## RECORDS TO USE
# # #

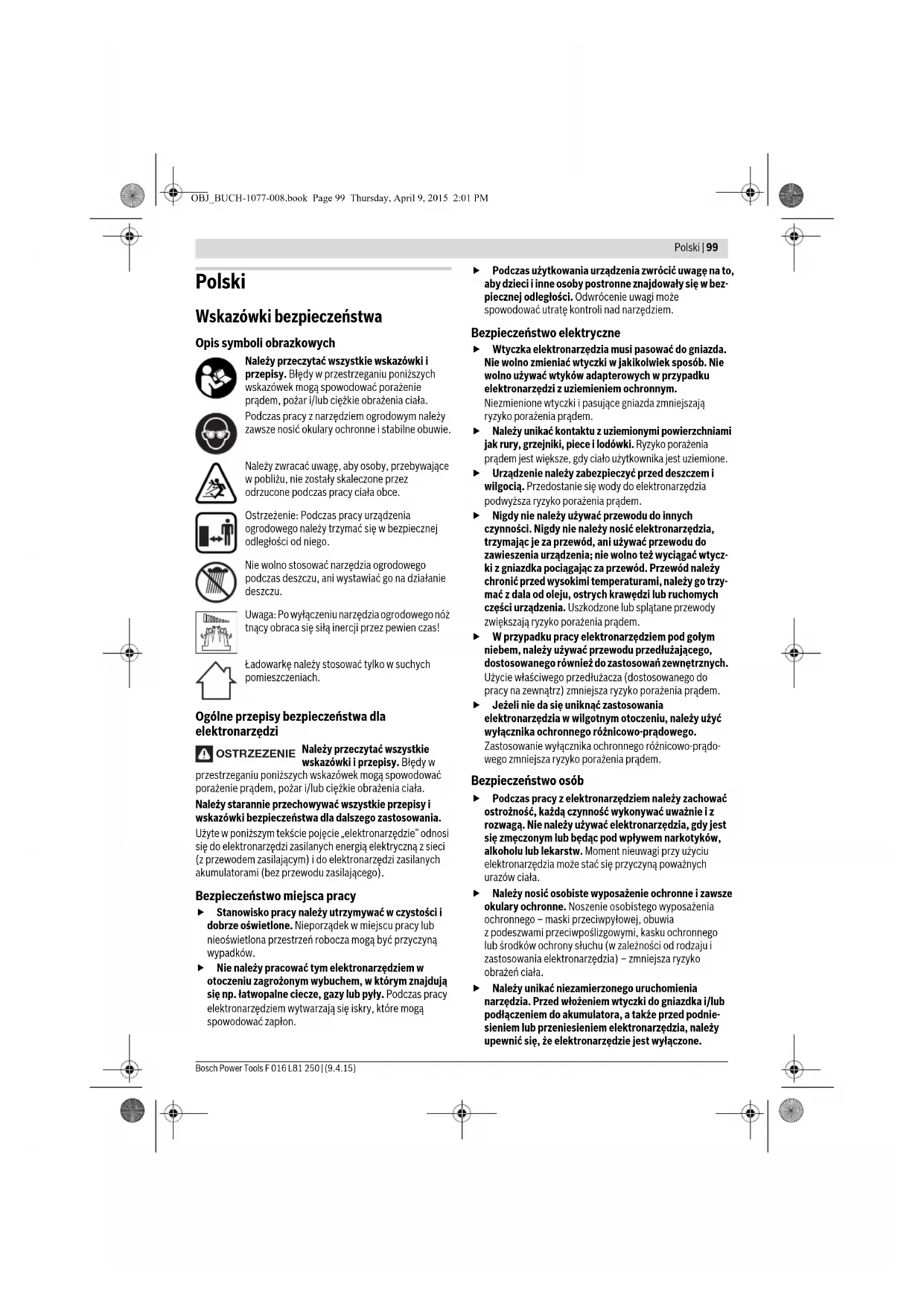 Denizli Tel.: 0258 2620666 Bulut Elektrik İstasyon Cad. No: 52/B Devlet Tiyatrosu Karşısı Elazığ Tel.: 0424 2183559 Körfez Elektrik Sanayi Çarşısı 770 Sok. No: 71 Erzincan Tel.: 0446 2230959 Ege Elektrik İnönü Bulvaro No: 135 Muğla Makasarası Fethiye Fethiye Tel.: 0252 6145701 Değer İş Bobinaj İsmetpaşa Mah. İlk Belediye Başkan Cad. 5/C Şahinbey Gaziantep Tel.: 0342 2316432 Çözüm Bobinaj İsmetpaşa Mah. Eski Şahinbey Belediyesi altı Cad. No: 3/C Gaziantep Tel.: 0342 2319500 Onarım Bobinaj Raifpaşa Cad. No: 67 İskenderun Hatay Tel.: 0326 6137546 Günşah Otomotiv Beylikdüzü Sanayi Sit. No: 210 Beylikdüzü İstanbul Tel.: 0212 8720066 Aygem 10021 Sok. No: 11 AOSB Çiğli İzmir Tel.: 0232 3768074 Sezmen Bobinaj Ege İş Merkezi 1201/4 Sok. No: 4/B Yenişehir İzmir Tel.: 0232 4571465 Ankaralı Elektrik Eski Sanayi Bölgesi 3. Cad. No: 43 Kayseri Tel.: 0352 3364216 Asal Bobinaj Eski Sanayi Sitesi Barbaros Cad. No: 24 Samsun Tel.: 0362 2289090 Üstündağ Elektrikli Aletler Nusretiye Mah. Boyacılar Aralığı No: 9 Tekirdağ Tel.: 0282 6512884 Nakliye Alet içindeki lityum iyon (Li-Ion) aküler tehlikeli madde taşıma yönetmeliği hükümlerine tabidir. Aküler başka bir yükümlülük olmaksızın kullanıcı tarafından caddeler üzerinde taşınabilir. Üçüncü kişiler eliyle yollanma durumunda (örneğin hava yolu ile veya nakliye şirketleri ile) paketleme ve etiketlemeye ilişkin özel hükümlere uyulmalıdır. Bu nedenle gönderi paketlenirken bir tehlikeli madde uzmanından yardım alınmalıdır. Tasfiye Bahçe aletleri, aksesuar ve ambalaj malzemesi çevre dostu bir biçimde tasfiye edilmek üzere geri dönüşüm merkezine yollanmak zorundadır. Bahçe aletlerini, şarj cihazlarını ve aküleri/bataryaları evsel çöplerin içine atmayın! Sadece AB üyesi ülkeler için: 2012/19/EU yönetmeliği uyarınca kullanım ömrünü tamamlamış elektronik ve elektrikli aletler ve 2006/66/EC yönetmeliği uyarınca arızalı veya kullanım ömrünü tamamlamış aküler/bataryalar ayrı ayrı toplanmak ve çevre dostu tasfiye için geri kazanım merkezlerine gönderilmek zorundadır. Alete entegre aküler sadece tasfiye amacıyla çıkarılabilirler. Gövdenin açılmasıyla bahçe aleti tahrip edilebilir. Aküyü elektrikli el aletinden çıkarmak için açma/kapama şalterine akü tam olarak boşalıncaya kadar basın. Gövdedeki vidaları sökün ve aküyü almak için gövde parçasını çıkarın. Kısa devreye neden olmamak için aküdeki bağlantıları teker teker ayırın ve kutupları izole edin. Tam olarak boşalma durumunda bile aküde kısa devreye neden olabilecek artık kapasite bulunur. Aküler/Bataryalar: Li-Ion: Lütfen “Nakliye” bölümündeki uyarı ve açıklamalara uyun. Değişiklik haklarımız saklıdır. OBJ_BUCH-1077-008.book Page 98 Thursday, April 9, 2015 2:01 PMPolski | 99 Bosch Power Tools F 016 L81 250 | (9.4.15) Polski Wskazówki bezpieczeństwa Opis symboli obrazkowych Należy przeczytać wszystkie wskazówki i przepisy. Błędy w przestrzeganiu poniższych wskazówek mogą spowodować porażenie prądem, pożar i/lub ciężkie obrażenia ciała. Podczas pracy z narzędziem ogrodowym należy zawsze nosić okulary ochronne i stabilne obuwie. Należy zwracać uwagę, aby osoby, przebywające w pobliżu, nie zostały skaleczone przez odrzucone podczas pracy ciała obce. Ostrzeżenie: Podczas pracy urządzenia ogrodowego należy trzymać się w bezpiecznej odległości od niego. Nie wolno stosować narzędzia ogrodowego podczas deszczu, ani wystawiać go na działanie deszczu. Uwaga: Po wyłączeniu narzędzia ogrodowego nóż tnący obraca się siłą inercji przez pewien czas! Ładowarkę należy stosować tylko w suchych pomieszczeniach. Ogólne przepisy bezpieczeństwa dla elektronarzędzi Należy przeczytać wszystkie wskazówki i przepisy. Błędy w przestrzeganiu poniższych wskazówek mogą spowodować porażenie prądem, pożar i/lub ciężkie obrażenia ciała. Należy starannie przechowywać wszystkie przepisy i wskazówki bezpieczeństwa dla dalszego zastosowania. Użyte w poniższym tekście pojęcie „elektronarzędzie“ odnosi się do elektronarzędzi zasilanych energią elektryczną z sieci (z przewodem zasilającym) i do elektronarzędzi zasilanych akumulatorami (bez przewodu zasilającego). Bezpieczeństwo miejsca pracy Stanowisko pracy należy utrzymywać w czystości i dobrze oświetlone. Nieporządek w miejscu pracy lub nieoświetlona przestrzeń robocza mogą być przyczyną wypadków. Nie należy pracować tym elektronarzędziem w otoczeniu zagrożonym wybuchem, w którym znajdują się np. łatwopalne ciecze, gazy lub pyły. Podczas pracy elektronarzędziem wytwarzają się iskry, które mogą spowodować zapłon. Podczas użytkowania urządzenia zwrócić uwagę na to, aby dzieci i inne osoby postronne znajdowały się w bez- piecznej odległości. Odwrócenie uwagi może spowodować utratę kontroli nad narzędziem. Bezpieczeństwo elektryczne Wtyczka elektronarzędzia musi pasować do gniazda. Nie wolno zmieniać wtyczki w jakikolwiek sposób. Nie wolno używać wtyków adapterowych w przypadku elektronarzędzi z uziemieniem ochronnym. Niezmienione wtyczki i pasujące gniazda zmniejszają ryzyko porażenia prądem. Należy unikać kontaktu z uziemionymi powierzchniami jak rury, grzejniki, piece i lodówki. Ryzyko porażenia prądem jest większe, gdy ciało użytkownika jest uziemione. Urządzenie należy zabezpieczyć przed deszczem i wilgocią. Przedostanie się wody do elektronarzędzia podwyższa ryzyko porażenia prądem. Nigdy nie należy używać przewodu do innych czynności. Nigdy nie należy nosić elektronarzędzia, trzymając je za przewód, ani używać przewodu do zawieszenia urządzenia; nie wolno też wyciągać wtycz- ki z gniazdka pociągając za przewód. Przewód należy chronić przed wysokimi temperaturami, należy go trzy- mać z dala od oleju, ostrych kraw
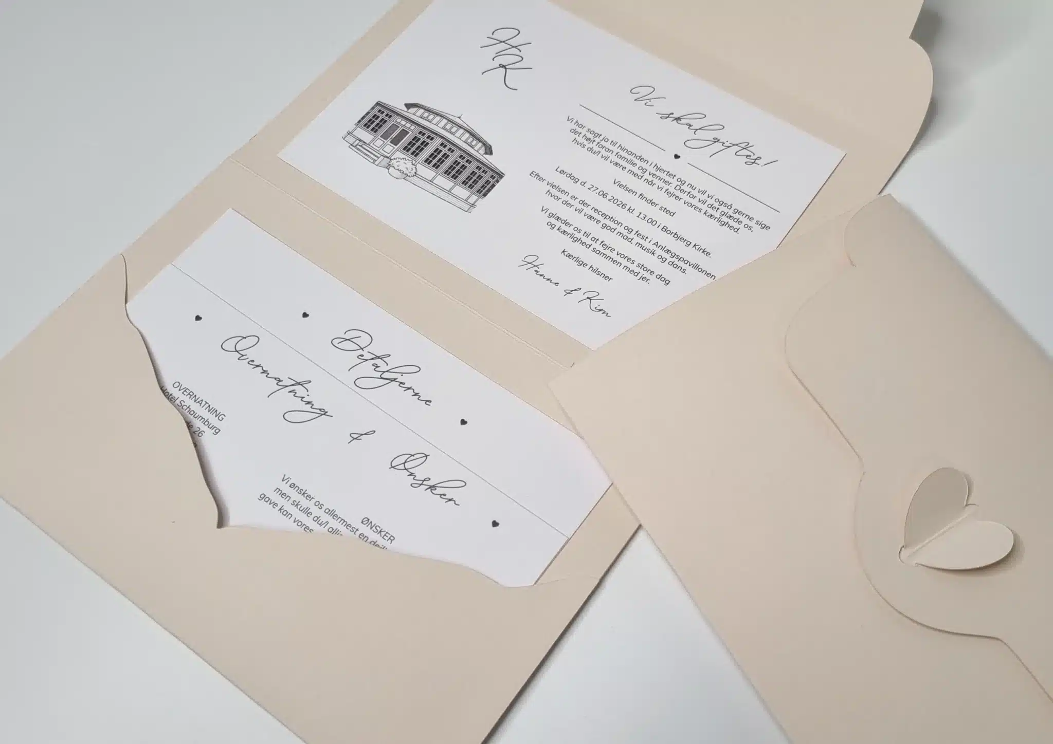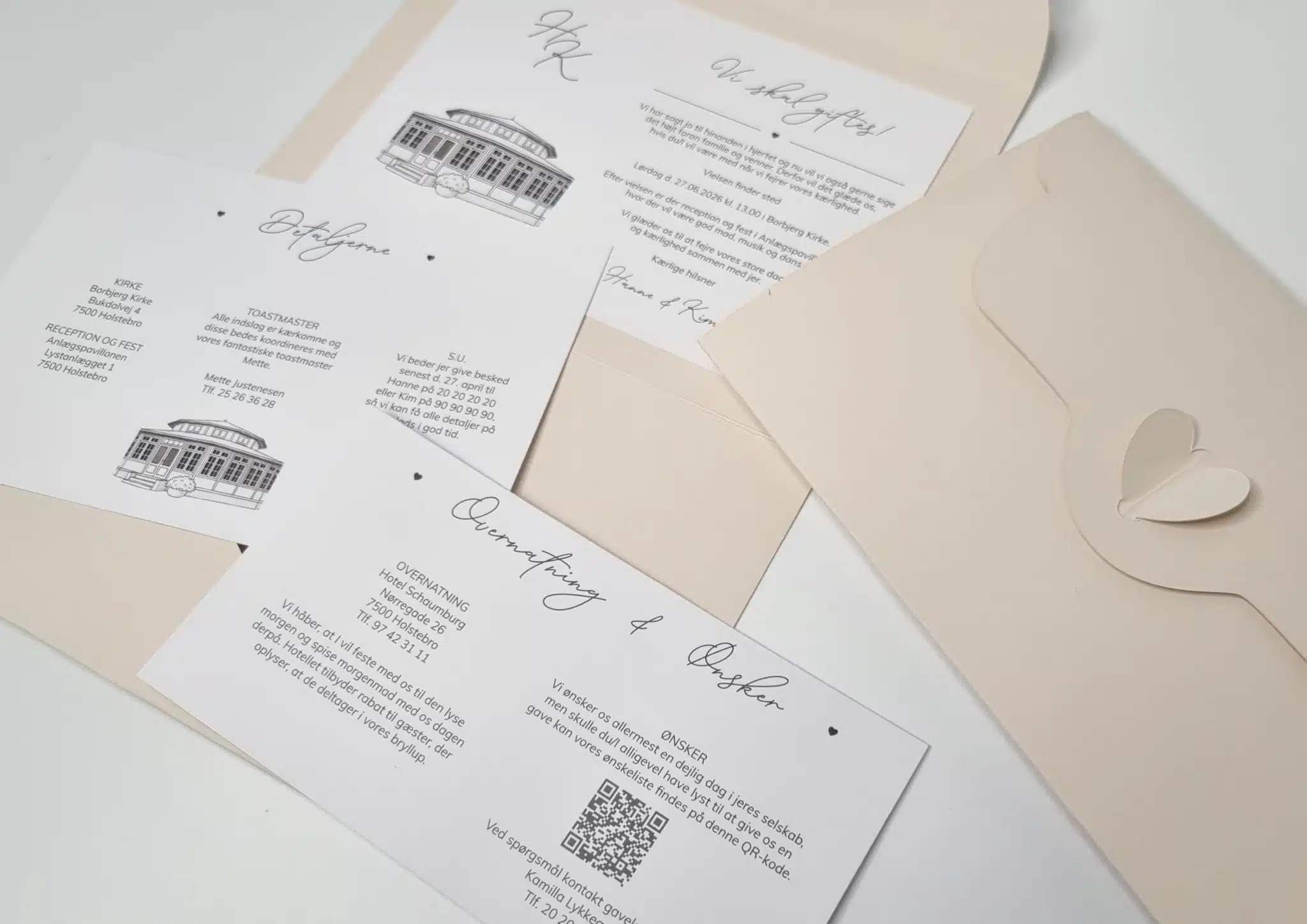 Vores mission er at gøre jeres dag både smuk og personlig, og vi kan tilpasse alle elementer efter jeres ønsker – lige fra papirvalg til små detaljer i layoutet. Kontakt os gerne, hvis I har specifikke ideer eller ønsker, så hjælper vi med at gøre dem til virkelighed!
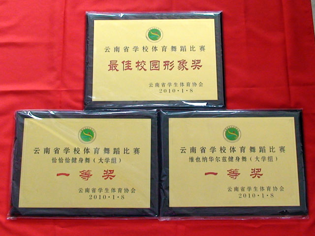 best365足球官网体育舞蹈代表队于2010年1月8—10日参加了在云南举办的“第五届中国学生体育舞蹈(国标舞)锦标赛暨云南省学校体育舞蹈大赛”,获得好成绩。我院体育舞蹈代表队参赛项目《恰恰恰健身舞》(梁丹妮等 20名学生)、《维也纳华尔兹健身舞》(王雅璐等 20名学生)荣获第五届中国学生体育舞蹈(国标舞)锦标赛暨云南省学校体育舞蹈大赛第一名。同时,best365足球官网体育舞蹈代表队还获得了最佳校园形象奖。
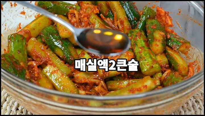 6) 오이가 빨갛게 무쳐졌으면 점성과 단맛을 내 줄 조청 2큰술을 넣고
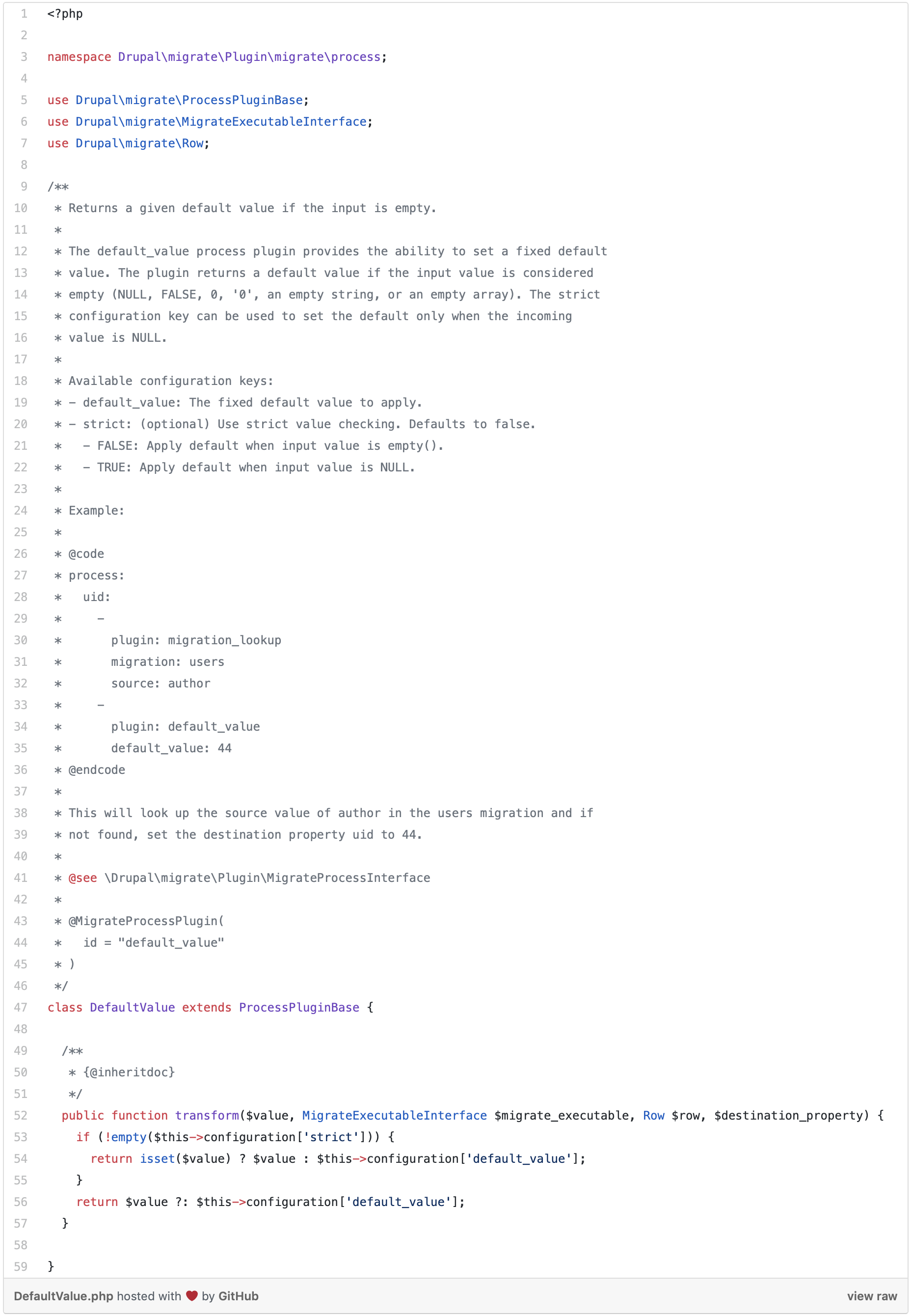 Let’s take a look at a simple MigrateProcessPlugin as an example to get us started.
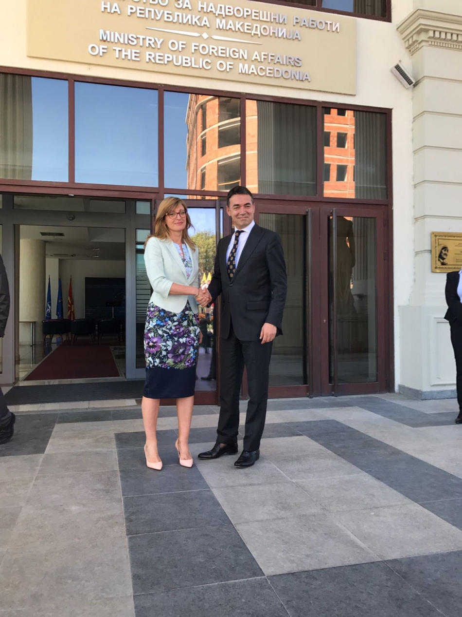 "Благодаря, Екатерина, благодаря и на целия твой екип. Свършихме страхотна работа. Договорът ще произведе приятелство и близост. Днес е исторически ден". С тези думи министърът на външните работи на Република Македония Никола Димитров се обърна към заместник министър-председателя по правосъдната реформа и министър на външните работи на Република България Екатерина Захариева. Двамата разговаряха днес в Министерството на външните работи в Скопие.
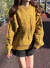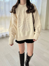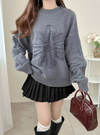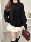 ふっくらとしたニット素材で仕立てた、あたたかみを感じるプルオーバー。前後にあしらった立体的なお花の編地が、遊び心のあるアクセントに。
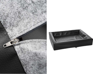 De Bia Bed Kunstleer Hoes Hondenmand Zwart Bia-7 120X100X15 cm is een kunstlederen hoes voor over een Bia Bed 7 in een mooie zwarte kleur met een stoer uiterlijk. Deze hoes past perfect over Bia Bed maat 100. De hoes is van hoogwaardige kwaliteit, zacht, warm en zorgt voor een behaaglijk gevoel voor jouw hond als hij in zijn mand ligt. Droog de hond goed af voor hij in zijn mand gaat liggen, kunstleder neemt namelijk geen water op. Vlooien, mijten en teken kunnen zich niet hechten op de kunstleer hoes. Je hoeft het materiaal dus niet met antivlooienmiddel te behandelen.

# # #

## YOUR GOAL
Repeat exactly the lines above, starting at the one that contains "ふっくらとしたニット素材で仕" and stopping at the last line of the entries, and leave out the pictures.

## OUTPUT FOR THIS EXERCISE
 ふっくらとしたニット素材で仕立てた、あたたかみを感じるプルオーバー。前後にあしらった立体的なお花の編地が、遊び心のあるアクセントに。
 De Bia Bed Kunstleer Hoes Hondenmand Zwart Bia-7 120X100X15 cm is een kunstlederen hoes voor over een Bia Bed 7 in een mooie zwarte kleur met een stoer uiterlijk. Deze hoes past perfect over Bia Bed maat 100. De hoes is van hoogwaardige kwaliteit, zacht, warm en zorgt voor een behaaglijk gevoel voor jouw hond als hij in zijn mand ligt. Droog de hond goed af voor hij in zijn mand gaat liggen, kunstleder neemt namelijk geen water op. Vlooien, mijten en teken kunnen zich niet hechten op de kunstleer hoes. Je hoeft het materiaal dus niet met antivlooienmiddel te behandelen.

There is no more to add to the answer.